# Assigned task:
Which lines of the entries below run from the one holding "40g kalte Butter" to the one holding "DEEZEE PINK เสื้อสเวตเชิ้ตคอเต่าสีขาว", inclusive? Set down exactly those lines and no others.

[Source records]
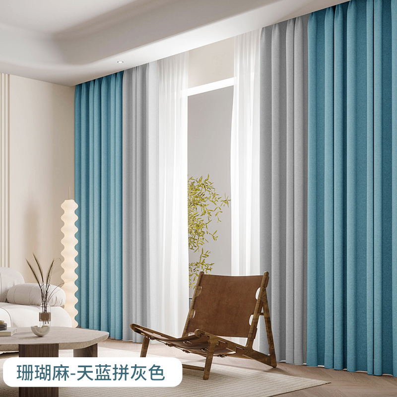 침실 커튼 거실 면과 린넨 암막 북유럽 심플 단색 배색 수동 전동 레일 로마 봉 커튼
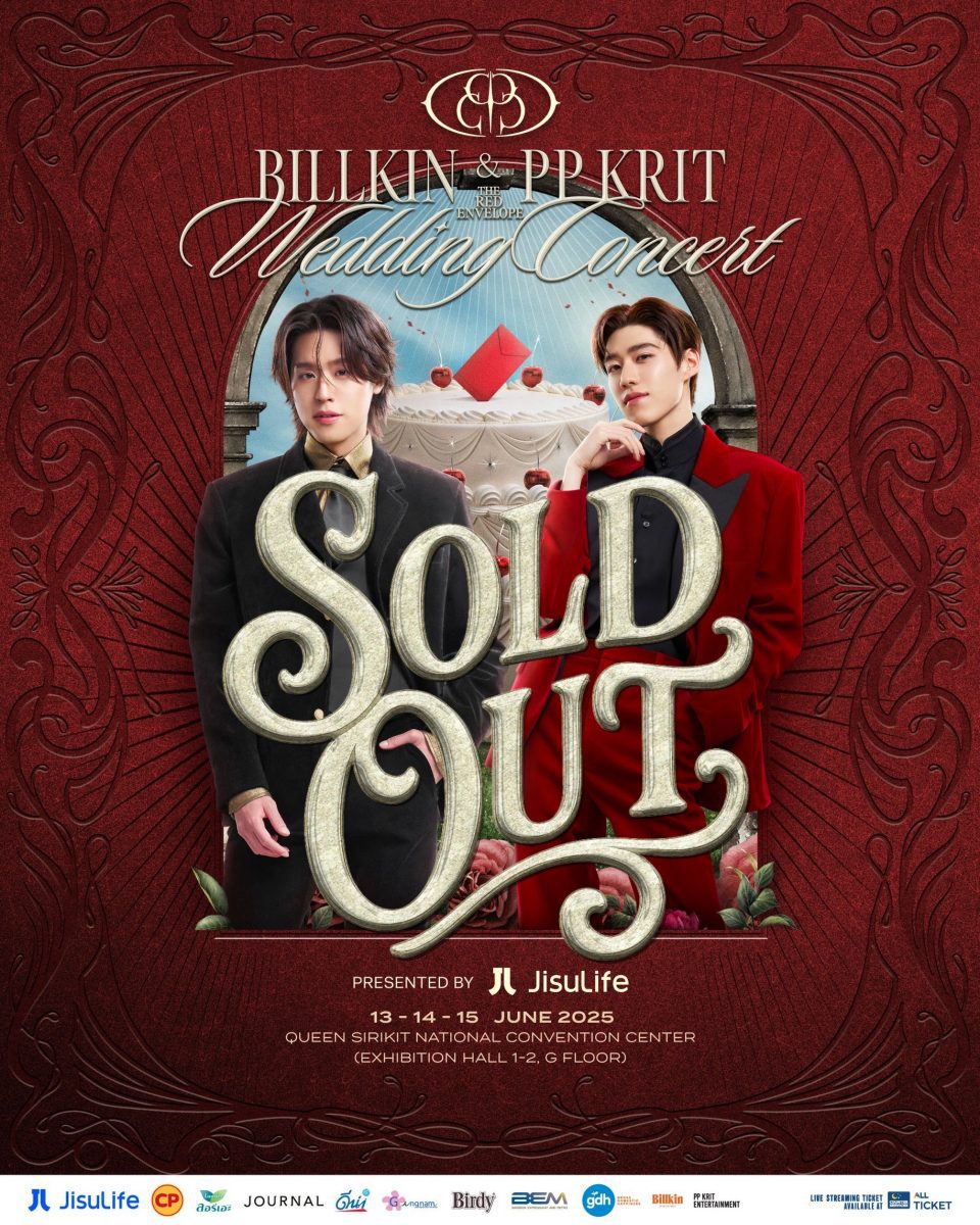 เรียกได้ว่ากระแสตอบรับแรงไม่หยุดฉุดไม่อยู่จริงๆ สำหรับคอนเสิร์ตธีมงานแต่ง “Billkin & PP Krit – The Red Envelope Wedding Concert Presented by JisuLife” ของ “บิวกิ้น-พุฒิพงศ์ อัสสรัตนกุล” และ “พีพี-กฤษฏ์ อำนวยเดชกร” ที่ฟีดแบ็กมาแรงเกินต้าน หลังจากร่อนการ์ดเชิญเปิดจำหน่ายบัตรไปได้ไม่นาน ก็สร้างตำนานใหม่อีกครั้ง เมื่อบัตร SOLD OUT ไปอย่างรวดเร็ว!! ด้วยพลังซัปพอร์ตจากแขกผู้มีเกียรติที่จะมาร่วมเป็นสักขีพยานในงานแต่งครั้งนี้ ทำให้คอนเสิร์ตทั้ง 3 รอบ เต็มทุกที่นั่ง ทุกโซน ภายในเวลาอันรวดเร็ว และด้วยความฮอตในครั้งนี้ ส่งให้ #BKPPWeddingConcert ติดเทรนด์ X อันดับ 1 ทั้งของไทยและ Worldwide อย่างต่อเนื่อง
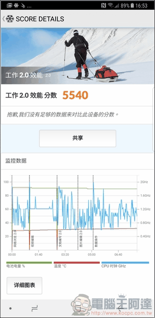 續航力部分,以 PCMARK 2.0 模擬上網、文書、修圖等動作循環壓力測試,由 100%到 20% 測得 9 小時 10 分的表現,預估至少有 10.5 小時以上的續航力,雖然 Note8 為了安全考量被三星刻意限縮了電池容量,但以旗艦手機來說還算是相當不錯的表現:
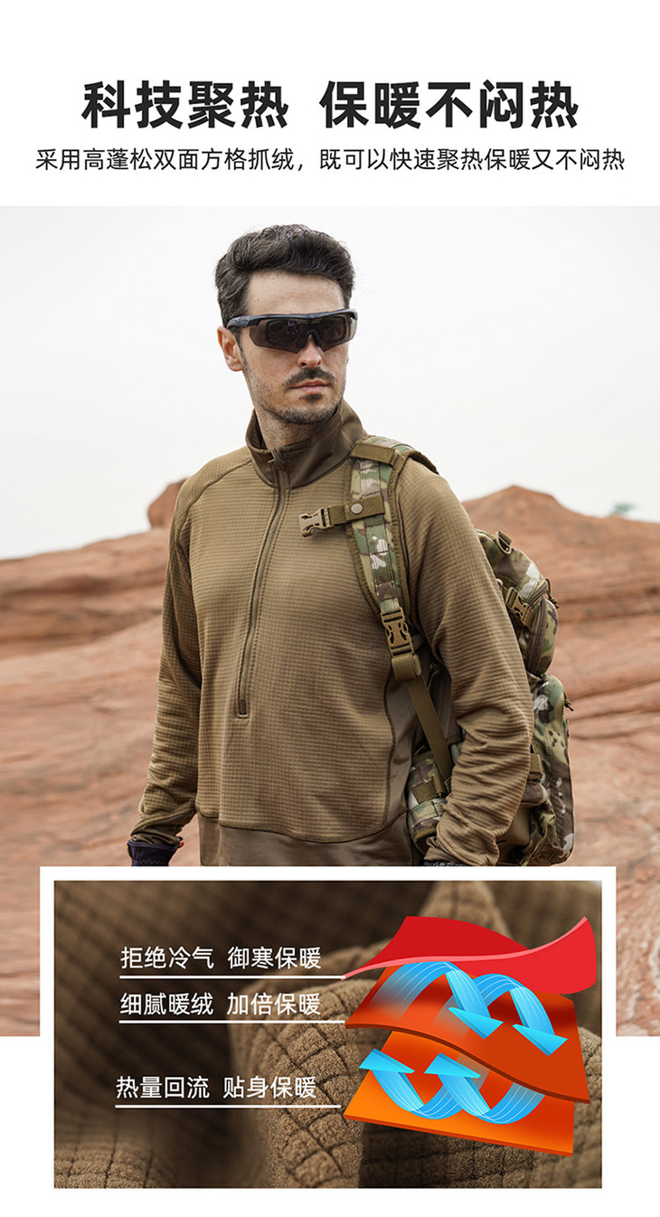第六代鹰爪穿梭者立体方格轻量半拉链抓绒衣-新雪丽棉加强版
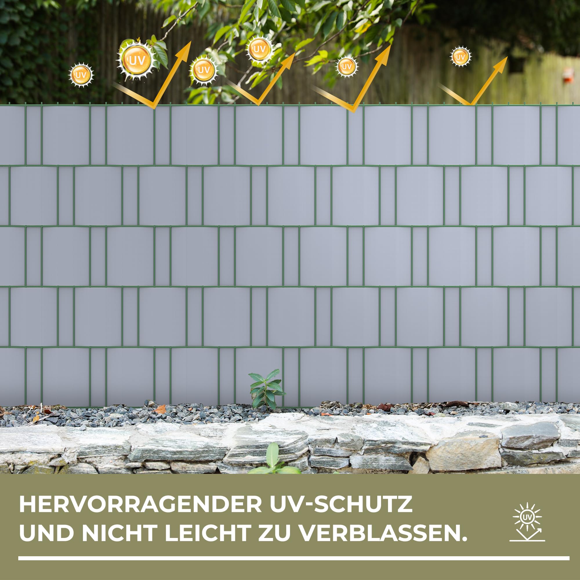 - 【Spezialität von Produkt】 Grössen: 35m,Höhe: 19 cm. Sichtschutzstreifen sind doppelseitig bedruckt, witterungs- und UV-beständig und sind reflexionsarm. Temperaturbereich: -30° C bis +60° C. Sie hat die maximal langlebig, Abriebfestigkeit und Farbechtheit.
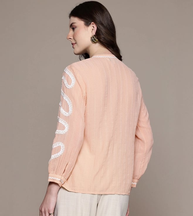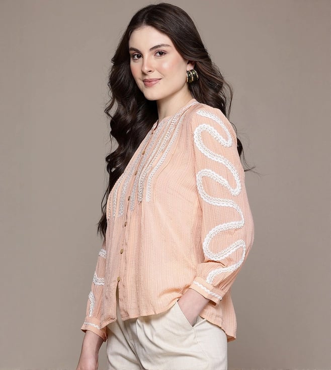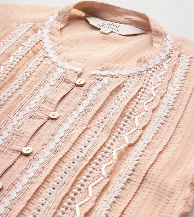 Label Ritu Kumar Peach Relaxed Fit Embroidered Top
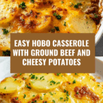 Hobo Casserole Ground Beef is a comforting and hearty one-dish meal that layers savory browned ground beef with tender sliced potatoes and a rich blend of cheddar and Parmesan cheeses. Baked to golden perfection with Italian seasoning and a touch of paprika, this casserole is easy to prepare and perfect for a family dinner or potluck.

---

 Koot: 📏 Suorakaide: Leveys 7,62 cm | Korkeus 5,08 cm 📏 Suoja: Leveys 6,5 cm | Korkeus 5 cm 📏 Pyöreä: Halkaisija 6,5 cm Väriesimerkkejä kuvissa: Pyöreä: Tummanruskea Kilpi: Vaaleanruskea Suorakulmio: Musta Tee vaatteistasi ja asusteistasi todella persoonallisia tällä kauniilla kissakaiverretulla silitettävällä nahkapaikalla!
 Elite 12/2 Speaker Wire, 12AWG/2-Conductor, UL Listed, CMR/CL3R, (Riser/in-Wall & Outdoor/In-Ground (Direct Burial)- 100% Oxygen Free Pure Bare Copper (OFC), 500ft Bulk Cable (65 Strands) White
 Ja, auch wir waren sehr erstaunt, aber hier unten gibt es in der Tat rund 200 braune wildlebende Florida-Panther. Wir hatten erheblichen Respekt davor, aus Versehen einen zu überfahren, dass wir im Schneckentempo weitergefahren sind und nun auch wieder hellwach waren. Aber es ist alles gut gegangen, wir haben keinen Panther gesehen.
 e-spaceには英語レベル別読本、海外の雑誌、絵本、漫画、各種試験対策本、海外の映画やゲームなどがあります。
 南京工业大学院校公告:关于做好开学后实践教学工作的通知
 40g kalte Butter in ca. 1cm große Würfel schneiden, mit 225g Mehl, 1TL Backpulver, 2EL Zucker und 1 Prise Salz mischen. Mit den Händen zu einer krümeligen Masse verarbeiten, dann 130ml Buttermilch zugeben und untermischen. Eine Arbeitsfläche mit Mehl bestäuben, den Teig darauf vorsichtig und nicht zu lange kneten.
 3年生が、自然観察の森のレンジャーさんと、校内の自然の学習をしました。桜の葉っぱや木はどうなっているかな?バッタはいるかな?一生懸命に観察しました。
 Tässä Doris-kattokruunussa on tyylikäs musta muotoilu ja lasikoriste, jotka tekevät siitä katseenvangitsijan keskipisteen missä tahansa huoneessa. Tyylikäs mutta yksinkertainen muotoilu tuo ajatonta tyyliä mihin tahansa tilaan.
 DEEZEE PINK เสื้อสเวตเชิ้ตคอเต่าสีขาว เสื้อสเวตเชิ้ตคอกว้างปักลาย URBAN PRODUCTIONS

# Problem solution:
 40g kalte Butter in ca. 1cm große Würfel schneiden, mit 225g Mehl, 1TL Backpulver, 2EL Zucker und 1 Prise Salz mischen. Mit den Händen zu einer krümeligen Masse verarbeiten, dann 130ml Buttermilch zugeben und untermischen. Eine Arbeitsfläche mit Mehl bestäuben, den Teig darauf vorsichtig und nicht zu lange kneten.
 3年生が、自然観察の森のレンジャーさんと、校内の自然の学習をしました。桜の葉っぱや木はどうなっているかな?バッタはいるかな?一生懸命に観察しました。
 Tässä Doris-kattokruunussa on tyylikäs musta muotoilu ja lasikoriste, jotka tekevät siitä katseenvangitsijan keskipisteen missä tahansa huoneessa. Tyylikäs mutta yksinkertainen muotoilu tuo ajatonta tyyliä mihin tahansa tilaan.
 DEEZEE PINK เสื้อสเวตเชิ้ตคอเต่าสีขาว เสื้อสเวตเชิ้ตคอกว้างปักลาย URBAN PRODUCTIONS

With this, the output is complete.